(The data):
——————————

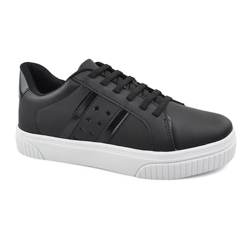 Tênis Godiva Calce Fácil Listras Laterais Estrelas Feminino Preto 341685
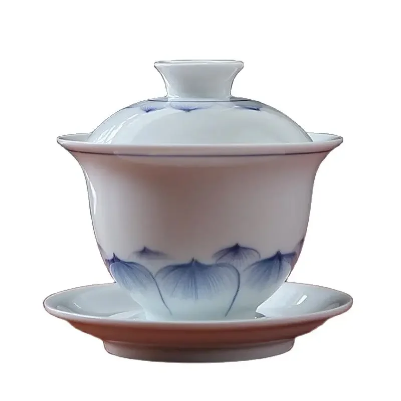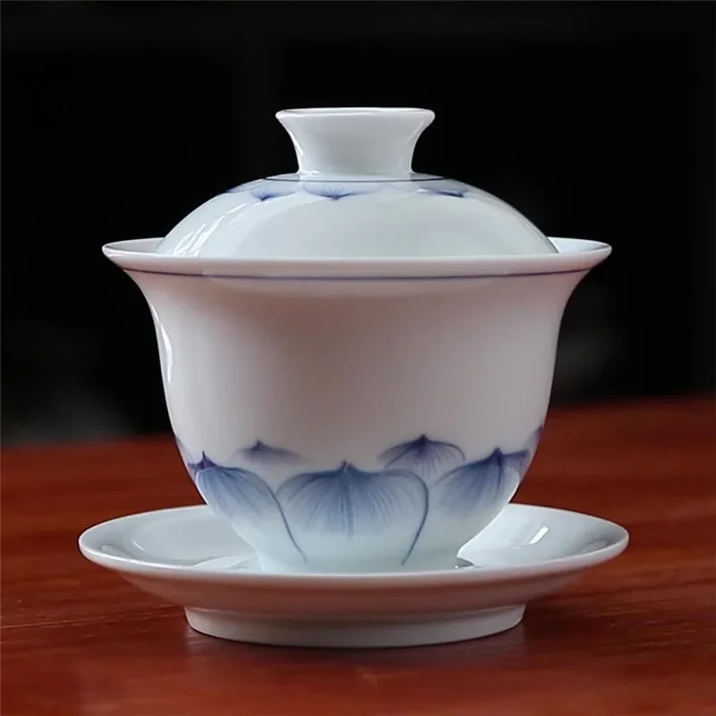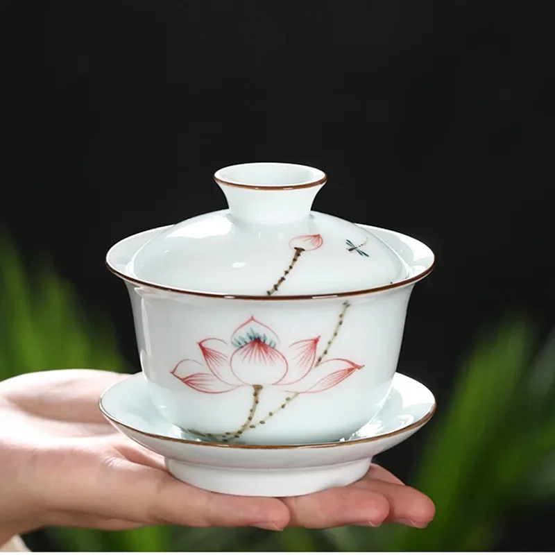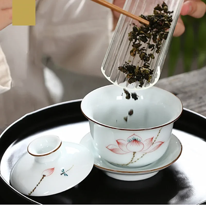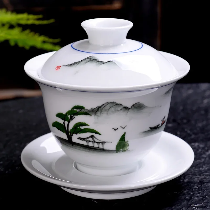 Hand-painted Ceramic Tea Tureen Chinese Portable Tea Maker Three-cai Gaiwan Home White Porcelain Tea Set with Cover Teacup 200ml
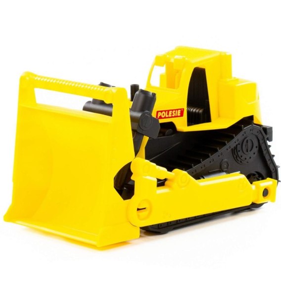 a dziecko może również zmieniać kąt nachylenia łyżki ze względu na ruchome elementy. Ruch zabawki zapewniają cztery koła, które są ukryte za imitacją gąsienic. Spychacz wygląda całkiem realistycznie: w kabinie znajduje się siedzenie i panel sterowania.
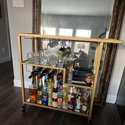 I am overall very happy with this bar cart. Lots of room for storage and styling, the color of the cart is a muted gold which I think looks nice in a home without being overbearing. The mirrored glass is good quality and the wire rack is well assembled to hold your closed bottles of wine. Overall the look is really attractive. My only nitpick is that the metal part of the cart does scratch easily. Be careful putting it together.

——————————

(Work order): Once more, please print the whole listing exactly, omitting each image.

(Exercise result):
 Tênis Godiva Calce Fácil Listras Laterais Estrelas Feminino Preto 341685
 Hand-painted Ceramic Tea Tureen Chinese Portable Tea Maker Three-cai Gaiwan Home White Porcelain Tea Set with Cover Teacup 200ml
 a dziecko może również zmieniać kąt nachylenia łyżki ze względu na ruchome elementy. Ruch zabawki zapewniają cztery koła, które są ukryte za imitacją gąsienic. Spychacz wygląda całkiem realistycznie: w kabinie znajduje się siedzenie i panel sterowania.
 I am overall very happy with this bar cart. Lots of room for storage and styling, the color of the cart is a muted gold which I think looks nice in a home without being overbearing. The mirrored glass is good quality and the wire rack is well assembled to hold your closed bottles of wine. Overall the look is really attractive. My only nitpick is that the metal part of the cart does scratch easily. Be careful putting it together.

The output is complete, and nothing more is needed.